Dear hacker – check your robots.txt and next time pick a directory that Google is actually allowed to crawl.
Next time check robots.txt files so Google can actually crawl the directory your links are pointing to.
Hackers forgot to check robots.txt file – sorry, no link juice for you!
Brought to you in part by: trackback spam
That’s right, trackbacks one of the oldest and dirtiest methods for quick spam.
Some of the money sites had “ok” authority, most of them did not.
Motivation for this hack
When I first encounters this breach, I thought for sure the motivation was phishing for credit card numbers. Within a few minutes I discovered how many other infected sites there are, and figured it was a link network to boost a money site.
After spending an hour or so analyzing the sites involved, I now believe that this network is not only a way to boost the attackers money site, but they may also be using this “network’ as a way to sell links.
What really stumped me in the end is that these sites really aren’t that great.
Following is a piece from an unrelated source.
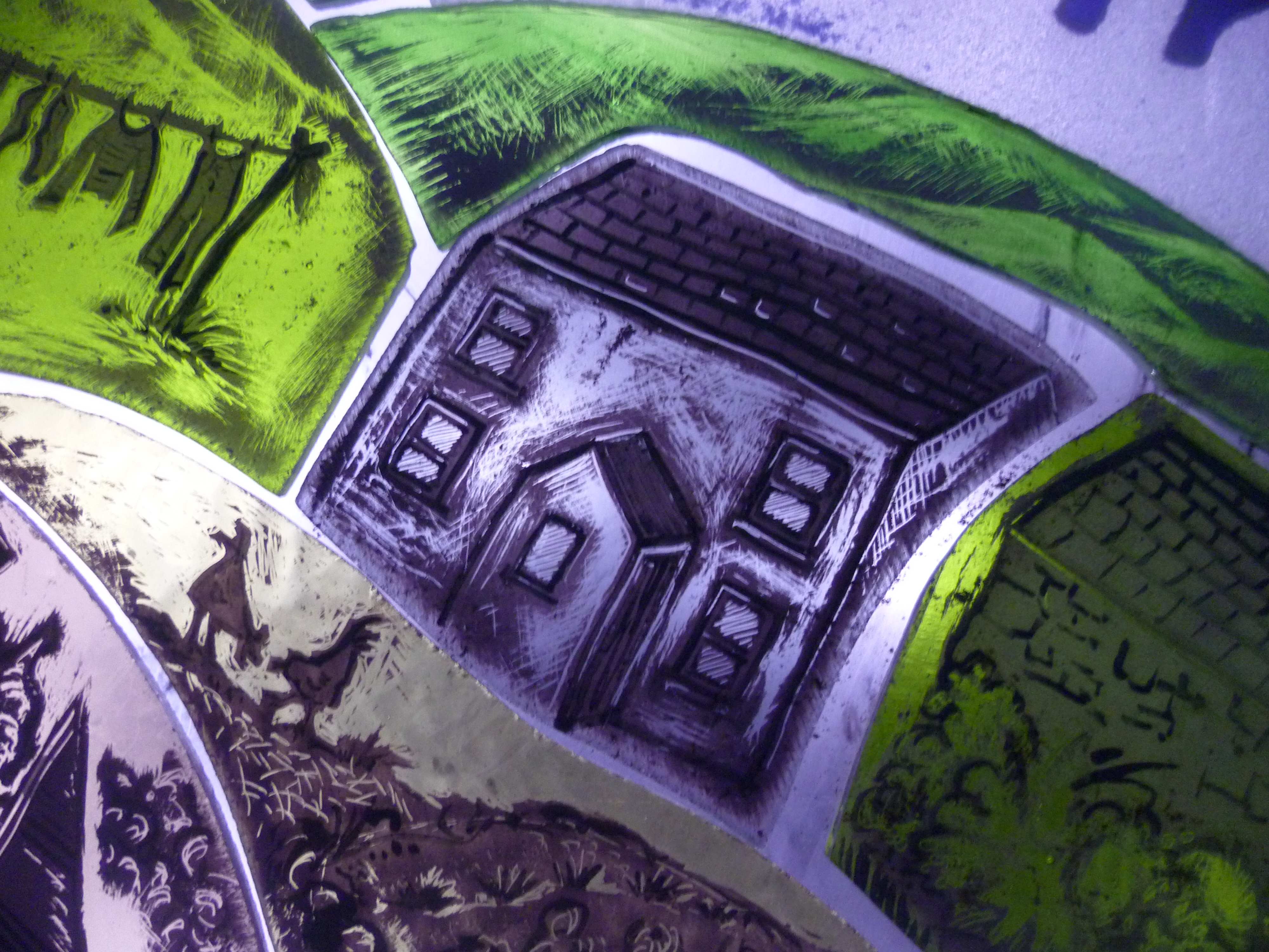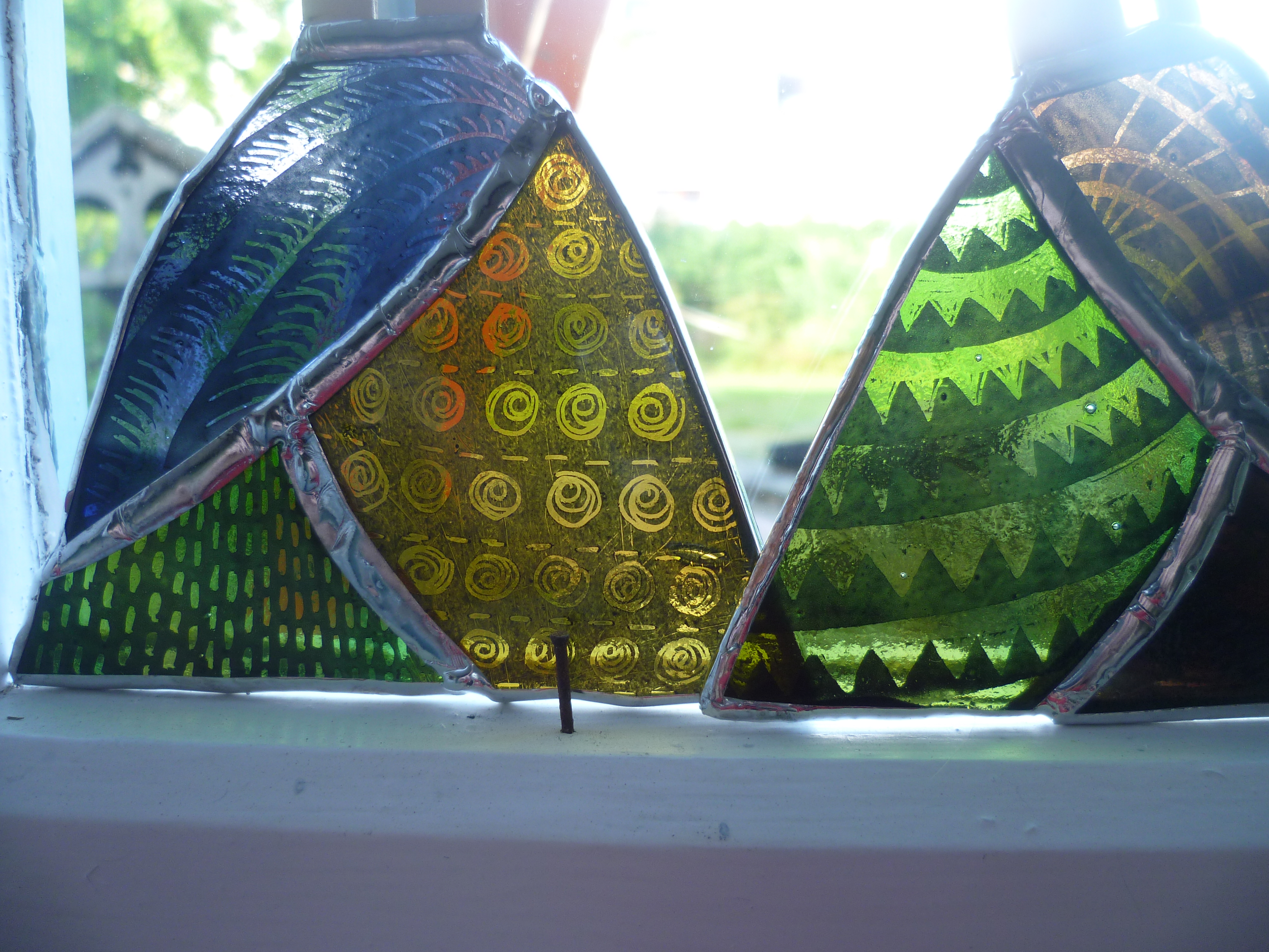 The following morning and washing all my other pieces, things were looking better. Foiling and joining on the Saturday produced a wee street of painted ‘Wee House’s on the Hill’. (Slowly going back up).

They don’t appear to be getting that much traffic, they don’t seem to be ranking that well, a lot of their links aren’t showing up (maybe due to robots.txt).
Informing the other hacked sites
Listen, I’m not the type of person to stand in the way of someone doing blackhat SEO. If that is your game, fine. I do have a problem however with hacking websites especially ones owned by small business owners trying to make a living.
In this case I’m going to make one attempt at notifying these sites that they are hacked via their public email. If they respond I’ll treat it as a lead for our business, or point them in the right direction. If they don’t that’s all I can do.